WORK TASK:
Only the lines from the beginning of the data through the one with "We were blessed" belong in the answer, each retyped exactly, with pictures left out.
#### DATA SUPPLIED
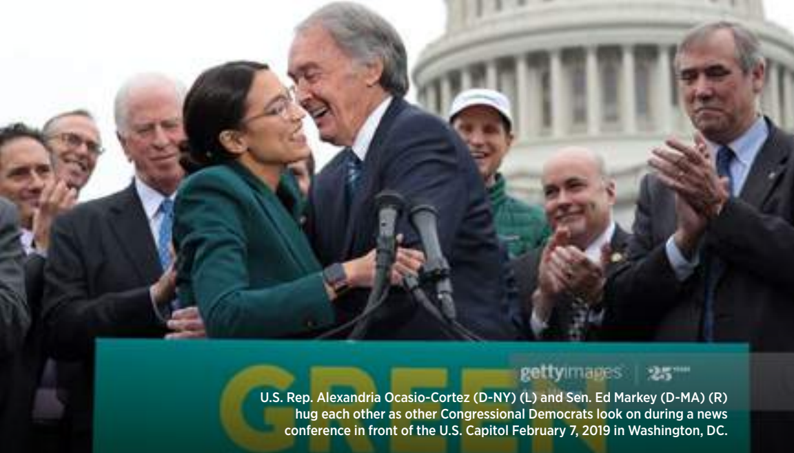
U.S. Rep. Alexandria Ocasio-Cortez (D-NY) (L) and Sen. Ed Markey (D-MA) (R) hug each other as other Congressional Democrats look on during a news conference in front of the U.S. Capitol February 7, 2019 in Washington, DC.
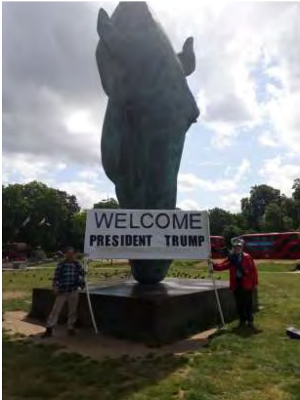
The famous upside down horse head at Marble Arch

We were blessed by Heavenly Father beyond measure for our efforts and words cannot express the joy that we both experienced through this.
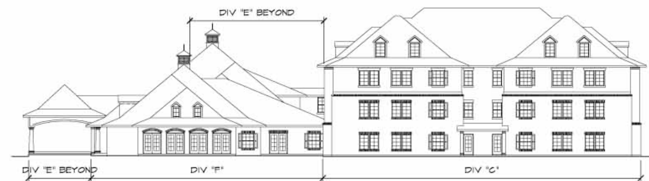
④ RIGHT SIDE ELEVATION 1" = 20' - 0"
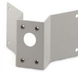
Corner adaptor for wall mount bracket
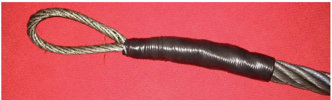
Figure 2 — Completed flexible pulling eye made from the steel core itself

NOTE It is not usually possible for a pulling eye made from the steel core itself to be passed through an aperture of equivalent size to the diameter of the rope.
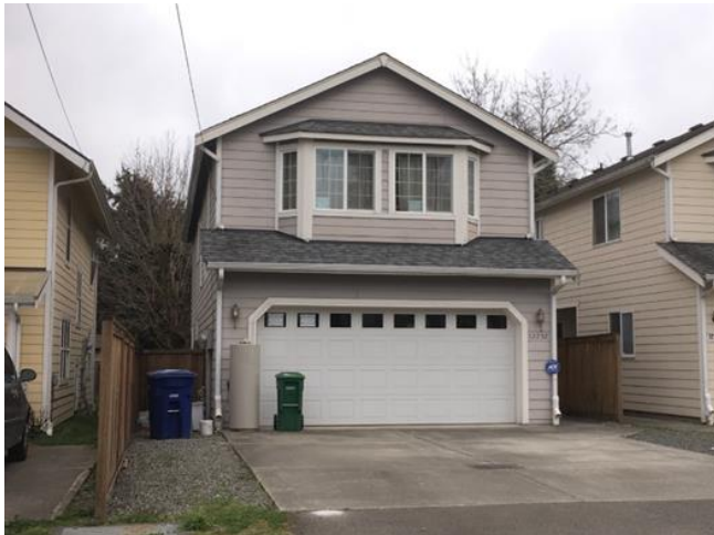
Grade 7/ Year Built 2003/ Total Living Area 1,680
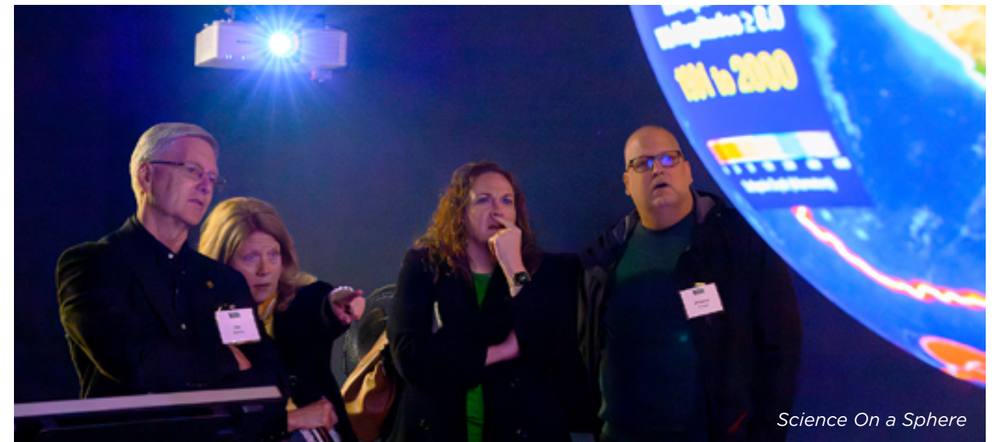
Science On a Sphere

In addition, the Museum staff collaborates intimately with faculty members to extend the impact of new research through carefully designed exhibitions and educational programming. This commitment includes supporting Broader Impacts — the potential societal benefits emanating from a research project — in relation to grants awarded by the National Science Foundation. Furthermore, the Museum staff work directly with faculty to generate and distribute geophysical, environmental, and cultural data visualizations through the innovative Science On a Sphere (SOS) platform, which features a six-foot diameter immersive visualization display. Additionally, the SOS system was utilized for teaching, with over 500 students creating custom content for the system during classes.
########
PROBLEM SOLUTION:
U.S. Rep. Alexandria Ocasio-Cortez (D-NY) (L) and Sen. Ed Markey (D-MA) (R) hug each other as other Congressional Democrats look on during a news conference in front of the U.S. Capitol February 7, 2019 in Washington, DC.
The famous upside down horse head at Marble Arch

We were blessed by Heavenly Father beyond measure for our efforts and words cannot express the joy that we both experienced through this.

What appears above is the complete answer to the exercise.